Functions of short translated open reading frames (ORFs) in the context of development

Data on identification of novel coding genes in zebrafish
Figure 1: Identification and annotation of novel, embryonically expressed coding and non-coding transcripts. RNA-Seq-based transcript assemblies were evaluated for their coding potential by PhyloCSF (Li et al., 2011; Pauli & Valen et al., 2012), BLAST and Ribosome Profiling (Chew et al., 2013; Pauli et al., 2014). About ~400 novel coding genes in zebrafish, including Toddler, were identified (Pauli et al., 2014).

Large-scale forward-genetic screens towards the end of the last century have identified the majority of known embryonic signalling pathways and embryonically essential genes. This relatively small set of genes with known essential embryonic functions is in stark contrast to the large number of transcripts that are expressed during embryogenesis (Pauli & Valen et al., 2012). Moreover, hundreds of these transcripts were recently predicted to encode small proteins (Chew et al., 2013; Pauli et al., 2014; Bazzini et al., 2014). Apart from novel protein-coding genes, these studies have also identified a large number of translated regions outside of protein-coding ORFs on 5’ leaders of coding genes (upstream ORFs (uORFs)) and on transcripts previously thought to be non-coding.

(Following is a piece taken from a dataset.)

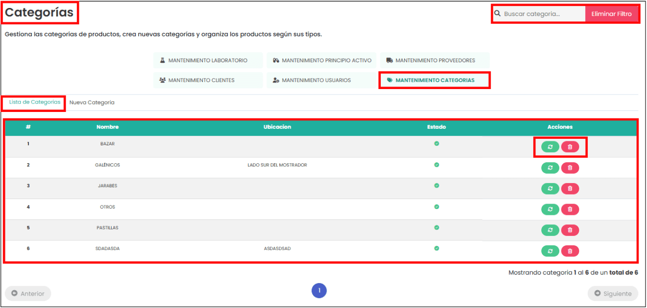En esta sección podrás gestionar las categorías de productos, registrar nuevas y actualizar las existentes. En la vista principal se muestra una tabla con la siguiente información: número, nombre de la categoría, ubicación dentro del establecimiento, estado (activo/inactivo) y acciones disponibles (editar, eliminar).
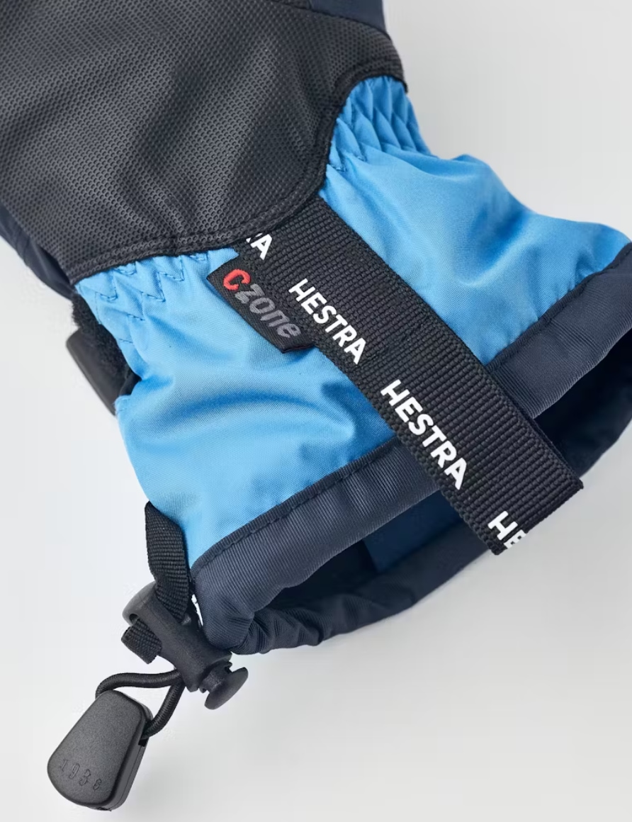 Hestra Gauntlet CZone Jr. 5-finger er en supergod, varm og både vind- og vanntett hanske for barn – en av Hestras mest populære modeller til junior. Den perfekte hansken for ski, lek og moro gjennom hele vinteren.

Scheme of toddler signalling
Figure 2: Toddler signalling promotes gastrulation movements. A) Toddler is conserved in vertebrates. ClustalW2 multiple protein sequence alignment of the Toddler peptide sequences from five vertebrates. B) toddler mutant embryos have defects in endoderm and mesoderm migration, lack a functional heart, and show posterior accumulation of blood. Shown are in situ hybridizations (endoderm (sox17), mesoderm (fn1), heart (cmlc2)) or live embryos (morphology) of wild type (top) and toddler mutant embryos at the indicated times of development (hpf, hours post fertilization). C) Illustration of mesendoderm migration in wild type (top) and toddler mutant (bottom) embryos during gastrulation. toddler mutant embryos show reduced animal pole-directed migration. Adapted from Pauli et al., 2014.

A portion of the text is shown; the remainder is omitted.